Tue, 22 Apr 2003

After `great escape', FPI chief now wallows in Salemba jail

Bambang Nurbianto, The Jakarta Post, Jakarta

Supporters of Islam Defender's Front (FPI) chairman Habib Rizieq Shihab mortified the city police and the prosecutors's office on Monday when they managed to whisk away Rizieq from the latter's offices on Jl. Rasuna Said, South Jakarta, under the bewildered gaze of security officers.

Despite his dramatic "rescue", Rizieq turned himself in later on in the evening at the Salemba detention center on Jl. Salemba Raya, Central Jakarta, where he will be detained while awaiting trial.

Rizieq was snatched from the clutches of the law by hundreds of FPI members at around 11.30 a.m., right in front of security personnel -- both from the police and the prosecutors' office -- who were unable or unwilling to do anything to stop the devoted FPI members springing their man.

They made good their dramatic escape in a P-20 Kopaja bus they had hijacked on its way to Senen in Central Jakarta from Lebak Bulus in South Jakarta.

The incident occurred only hours after Rizieq was arrested by city police on Sunday evening at Soekarno-Hatta airport as he arrived back from Jordan.

The Muslim cleric was declared a fugitive after he had ignored two police summonses. The FPI leader reportedly traveled to Iraq through Jordan, ostensibly to wage jihad against U.S. troops. But he claimed he had only been involved in humanitarian activities to help the victims of the war.

After having briefly waged jihad, he decided to come home again.

Rizieq's "great escape" occurred shortly after he had been transferred by the city police to the city prosecutors' office for further legal processing after the police had completed his case file.

The cleric was charged under articles 160 and 154 of the Criminal Code for encouraging FPI members to vandalize a number of entertainment centers in early October last year, and for spreading hatred against the government. He now faces a maximum sentence of seven years in jail.

The FPI has long been notorious for its frenzied attacks on entertainment centers and other places they suspect of being covers for gambling and other forms of vice.

The police had previously detained Rizieq, but then released him and placed him under house arrest last November on condition that he reported to the police every Monday and Thursday.

Commenting prior to Rizieq's surrender, the city police's chief of detectives, Sr.
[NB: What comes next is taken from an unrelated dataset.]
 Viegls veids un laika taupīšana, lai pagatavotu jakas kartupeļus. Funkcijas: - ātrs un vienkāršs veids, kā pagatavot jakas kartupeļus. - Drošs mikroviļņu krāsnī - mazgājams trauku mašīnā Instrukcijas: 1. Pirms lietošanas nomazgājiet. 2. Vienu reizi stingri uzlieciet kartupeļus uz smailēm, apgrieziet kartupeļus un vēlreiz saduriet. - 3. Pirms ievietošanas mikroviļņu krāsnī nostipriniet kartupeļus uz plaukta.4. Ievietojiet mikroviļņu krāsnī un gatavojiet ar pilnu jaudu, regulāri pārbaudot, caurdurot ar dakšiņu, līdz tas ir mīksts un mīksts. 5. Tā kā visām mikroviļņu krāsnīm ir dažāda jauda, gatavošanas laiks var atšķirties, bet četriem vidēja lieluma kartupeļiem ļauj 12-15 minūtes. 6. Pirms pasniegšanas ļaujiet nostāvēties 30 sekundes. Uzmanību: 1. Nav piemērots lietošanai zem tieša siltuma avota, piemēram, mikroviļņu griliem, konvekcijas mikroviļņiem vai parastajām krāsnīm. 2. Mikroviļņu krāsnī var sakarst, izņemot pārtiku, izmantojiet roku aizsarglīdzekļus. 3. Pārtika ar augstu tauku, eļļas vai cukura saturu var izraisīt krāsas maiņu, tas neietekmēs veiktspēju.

Comr. Andi Chaeruddin, strongly criticized Rizieq's supporters, saying that their action was a serious breach of the law.

"If every group in society was to do what Habib Rizieq's supporters have done, what would happen to our country?" Andi commented to The Jakarta Post on Monday.

Andi, however, refused to take the blame for the incident, saying that the Rizieq case had become the prosecutors' responsibility after it had been handed over to them by the police.

Rizieq arrived at Salemba detention center at 4:45 p.m. on Monday in a private Mazda E 2000 car. He was escorted by dozens of FPI members, all yelling Allahu Akbar (God is great).

Rizieq claimed that his detention was the result of a conspiracy between the police and the operators of illegal gambling dens.

Commenting on the action by his supporters, he said he had allowed the FPI members to spirit him away from the prosecutors as he knew it was a protest against what he termed his unjust detention.

According to Rizieq, he had returned from Jordan to comply with the police summonses. "If I wanted to, I could have sought asylum and lived in Jordan," he said optimistically, as quoted by Detik.com.

Jakarta prosecutors' office chief Muljohardjo said that he had set up a team of prosecutors to handle the Rizieq case. The three members of the team were Sandi, Hasan Basri and Teuku Rachman.